During a visit to her home church, a female minister stepped to the pulpit. Pellegrini saw herself up there.
"This is what I am supposed to," she realized. "It was this very gut type of feeling, of a calling."
She was in her late 40s and still had plenty of time for a whole new career.
"Life is long," Pellegrini says. "You don't have to do everything at once."
In her 50s, with her children grown, she pursued her third master's degree, this one in divinity. It was tough to say good-bye to her CIA colleagues. "But I had a dream of doing something else."
She grew up Methodist and long was attracted to churches that emphasize asking questions about religious dogma.
"I wanted to be involved in a denomination that promoted that," she recalls.
She went to divinity school and was ordained into the Unitarian Universalist Association, defined by a "free and responsible search for truth and meaning."
In the Rev. Nancy Pellegrini's new office is a picture with Psalm 121, "I will lift up my eyes to the hills. Where does my help come from?"
The Scripture fits the questions, the conversations she has now as the new chaplain at MUSC's Hollings Cancer Center.
At 58, in this empty nest season of life, she left Washington, D.C., to move to Charleston in April with her husband, Dr. Vincent Pellegrini, MUSC's orthopedic surgery chairman.
Along with serving as a chaplain, she assists at the Unitarian Church of Charleston, preaching occasionally and receiving counsel herself from Pastor Danny Reed.
"You expect this Tom Clancy character or something when you hear about her background," Reed jokes. "But there is this gentleness and an unassuming quality to her."
He recalls when, shortly after Pellegrini arrived in town, she conducted a service in his absence that included a child's dedication.
"Her mother's heart was very evident that day," Reed says. "It touched a lot of folks and really moved them."
Her new ministerial roles take helping others from the analytical work of studying intelligence to being part of life's most personal moments.
She enjoys walking Hollings' hallways, introducing herself, asking patients and staff what they need, offering prayer or simply a listening ear. Although she is Hollings' chaplain, she isn't there to promote religion.
Many patients don't have a strong faith, she says. They simply need someone to talk to, or a way to process terrible news, or a chance to vent during the toughest days of treatments.
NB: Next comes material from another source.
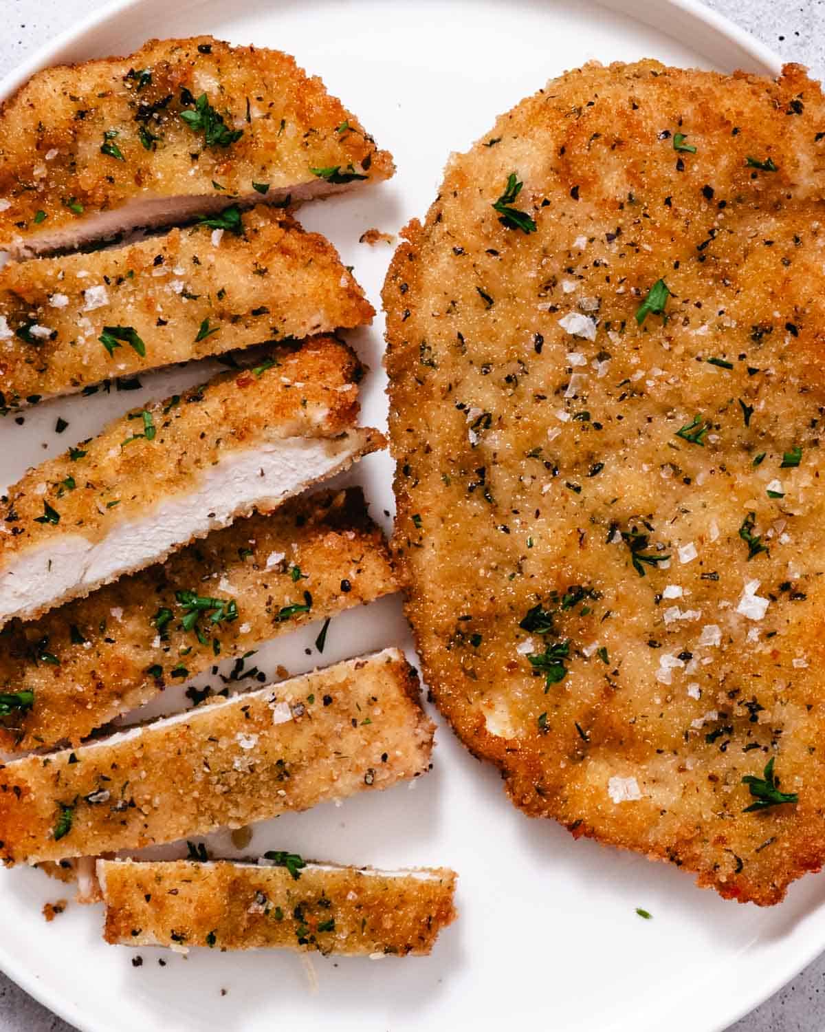 Pan Fried chicken cutlets made with Italian bread crumbs are cooked in oil until golden brown and crispy. Thin chicken breasts cook fast and come out crisp on the outside and juicy inside. This is a classic family dinner that everyone always loves.

"She meets them where they are with acceptance and love," says Diane Aghapour, Hollings' patient support services coordinator. "Sometimes it starts with just a chat about the weather but often turns into a deeper conversation that brings the patient to a more peaceful and less fearful state of mind."
Pellegrini also can extend empathy to families and patients. Her own father died of stomach cancer in 1992.
She, too, has asked: "Why is this happening to me?" and "If God is good, why do bad things happen?"
Yet, she tries to guide patients down paths to their own answers, not hers.
And in return? Patients make her pause, make her remember to be thankful for waking up each morning to live this new season of life.